Ana Clara passou a cuidar de Júnior. Dava carinho e atenção a ele como a um filho. Com sua ajuda, Júnior passou a tomar os remédios regularmente. Parou de ter as crises. Passou a ser uma criança tranquila e alegre, dentro do possível em um ambiente como aquele. O doutor Ângelo acreditava em sua completa recuperação.
Mas ainda assim não se separava dos cadernos. E eles permaneceram em seu quarto no hospital.
Quando Júnior completou doze anos, passou a trabalhar com Ana. Esse fora o maior erro da carreira daquela enfermeira. Ela nunca se perdoaria por isso. Sabia que aquilo não daria certo, mas era uma ordem do doutor Ângelo, o que poderia fazer? Só se dera conta do sumiço de um dos bisturis quando já era tarde demais.
Na manhã do dia anterior, fazia a inspeção de rotina, quando ouviu gritos vindos do quarto de Júnior. Gritou com horror ao encontrar Júnior perfurando o peito com o bisturi da enfermaria, caído no chão banhado no próprio sangue, pedindo clemência a seus pais no inferno.

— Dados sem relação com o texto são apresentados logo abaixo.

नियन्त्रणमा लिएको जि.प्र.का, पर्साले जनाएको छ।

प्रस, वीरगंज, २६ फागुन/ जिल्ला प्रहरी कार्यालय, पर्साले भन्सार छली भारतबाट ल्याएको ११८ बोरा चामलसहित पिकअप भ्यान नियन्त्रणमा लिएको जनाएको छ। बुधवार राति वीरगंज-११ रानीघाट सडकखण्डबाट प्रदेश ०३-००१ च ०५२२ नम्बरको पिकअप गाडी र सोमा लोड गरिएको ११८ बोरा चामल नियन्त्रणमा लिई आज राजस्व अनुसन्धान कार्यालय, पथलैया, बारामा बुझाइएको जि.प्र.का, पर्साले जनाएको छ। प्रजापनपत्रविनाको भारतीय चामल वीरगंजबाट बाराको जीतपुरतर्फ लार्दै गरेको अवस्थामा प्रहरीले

Ana Clara nada pôde fazer. Correu com Júnior para a ala cirúrgica do hospital, mas as perfurações atingiram órgãos vitais de seu corpo. O dinheiro herdado dos pais foi o suficiente para as despesas do enterro.

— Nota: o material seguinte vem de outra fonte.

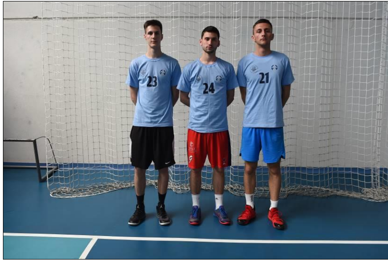
Факултет безбједносних наука
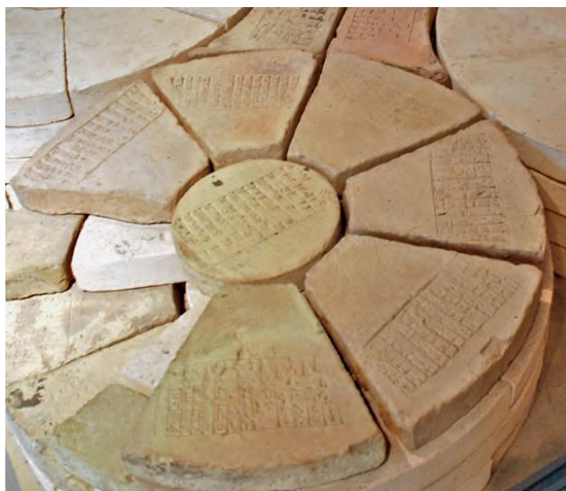
Figure 3 – Briques estampillées utilisées pour le pilier de Gudea, xxi e siècle av. J.-C., AO26671. Photo : Martine Esline. Département des Antiquités Orientales du Musée du Louvre, Paris.

Dans les capitales assyriennes du 1 er millénaire, les archéologues ont mis au jour plus de 170 mains en argile de taille humaine avec un support ou partie d'avant-bras, dont un tiers portent un texte. Ces mains, traditionnellement appelées, peut-être à tort 'main de la déesse Ištar', portent un texte commençant par le nom du souverain assyrien ou par son palais (Frame 1991) ; elles étaient fixées au mur des palais assyriens et devaient avoir une fonction protectrice. 3 Enfin, d'autres types d'éléments architecturaux, comme des briques ou des éléments de piliers pouvaient aussi porter un texte écrit à la main ou plus souvent estampillé à l'aide d'un moule (figure 3).

Ana foi a única pessoa presente no velório, naquela manhã.
A enfermeira acordou de seus pensamentos: havia trabalho a fazer. Abriu o armário delicadamente. Lá estavam os malditos cadernos, numerados na aba, organizados um ao lado do outro, em ordem crescente.
Pediu à servente que trouxesse uma caixa de papelão do almoxarifado, para colocá-los dentro. Enquanto a servente saía, Ana Clara começou a retirá-los do móvel, formando uma pequena pilha no chão.
Um dos cadernos escapuliu de suas mãos, abrindo-se ao meio ao cair.
Ana Clara recolheu-o no chão. Folheou-o com calma.
Não havia nada escrito em suas páginas.
Meditou, angustiada:
“O que o Júnior tanto via aqui, nesses cadernos em branco?”
 Por fim a faxineira chegou com uma caixa de papelão. Ana Clara colocou todos os cadernos lá dentro.
Pensou em deixa-los fora da ordem, mas algo a impeliu a coloca-los na ordem crescente de sempre. Por fim, selou a caixa com fita adesiva.
O Doutor Ângelo solicitara a ela que enviasse os cadernos a uma escola.
Mas Ana Clara refletiu um pouco. E escreveu com um pincel atômico no lado da caixa:  
DOAÇÃO PARA O ORFANATO PIO XII
E naquela noite, no único orfanato da cidade, uma pequena menina de cabelos loiros acordou na madrugada.
Seu nome era Maria.
Tivera um pesadelo com uma velha senhora, em um quarto com janelas cheias de grades. E não conseguiu voltar a dormir.